Эбби резко схватилась за голову: всё вокруг вращалось, если тьма может вращаться, конечно. «Саундвейв, – тихо позвала она, – мне плохо, мне так плохо…» Её воображаемые лёгкие, казалось, разрывались от воображаемого дыма, который она вдохнула. Глаза слезились, по воображаемым щекам текли вполне реальные слёзы, и Эбби размазывала их вполне осязаемыми, в грязи и копоти, кулаками.

– Не о том думаешь, – прошелестело вокруг, – ты проваливаешься в воспоминания, которые посылает тебе артефакт, принимаешь их за чистую монету. Всё проживаешь. Поэтому тебе плохо. Я видел, как ты летела с Праймом с башни посреди Иакона.

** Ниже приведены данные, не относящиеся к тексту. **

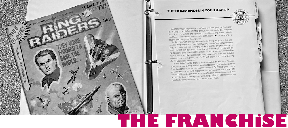 Supplied to Fleetway editor Barrie Tomlinson and the team behind the comic, this folder contains details about Ring Raiders that would be essential in putting it together. Sent to all potential licensees, this rare piece of memorabilia is an exciting addition to the blog for Ring Raiders fans and a fascinating look at what’s involved in creating a comic based on an existing toy licence. I’ve broken it down into five sections and will be showing every single page to you in this monthly series of posts.

Если продолжишь в том же духе, надолго тебя не хватит. Кажется, я начинаю понимать, почему тебя пришлось отправить сюда. Второй раз не умирают – вот какая логика. Будь ты в своем органическом теле, до Скайфайра ты бы не долетела; тебе пришёл бы конец от разрыва сердца. Даже если б оно и выдержало, что маловероятно, тебя вынесло бы интоксикацией вкупе с отравлением угарным газом и прочими интересными составляющими атмосферы Кибертрона, о которых земляне не слышали. Логика: ясна?

Едва держась на ногах, Эбби истово кивала, не переставая тереть саднящие глаза.

– Дурочка, оптику в покое оставь! У тебя её нет! Ничего у тебя нет – ни рук, ни ног, ни головы. Когда ты уже усвоишь? И дышать тебе не нужно, не напрягайся. А воспоминания ты должна смотреть – не проживать. Это не твоё прошлое. Не живи чужой жизнью. Тебе выпала великая честь, честь, которой никто до тебя, неблагодарная, не бывал удостоен. Великая Искра говорит с тобой и показывает тебе больше, чем всем Праймам вместе взятым. Так будь же благоразумна! Вспоминай ее жизнь, но не пытайся заново пережить.
– Но как?! – Эбби вскричала в отчаянии. – Как?.. Я не могу… Не умею… Пожалейте меня… Много! Слишком много всего! Меня разрывает от объема информации! Я попала в шторм чужих эмоций! И я боюсь не выплыть! Эта боль… Эти смерти… Это горе… Война, безысходность. Брат, вычеркнувший из жизни брата. Я слышу их, я вижу их и чувствую их страдание.
– Не ты, дитя, а Она. Она была там, когда тебя ещё не существовало. Скажу больше, твой разноцветный мир был тогда юн и буен, а те, кого вы зовете прародителями, даже не вышли из воды, когда Она уже творила жизнь на другом конце вселенной. Не будь дурой, внемли Ей.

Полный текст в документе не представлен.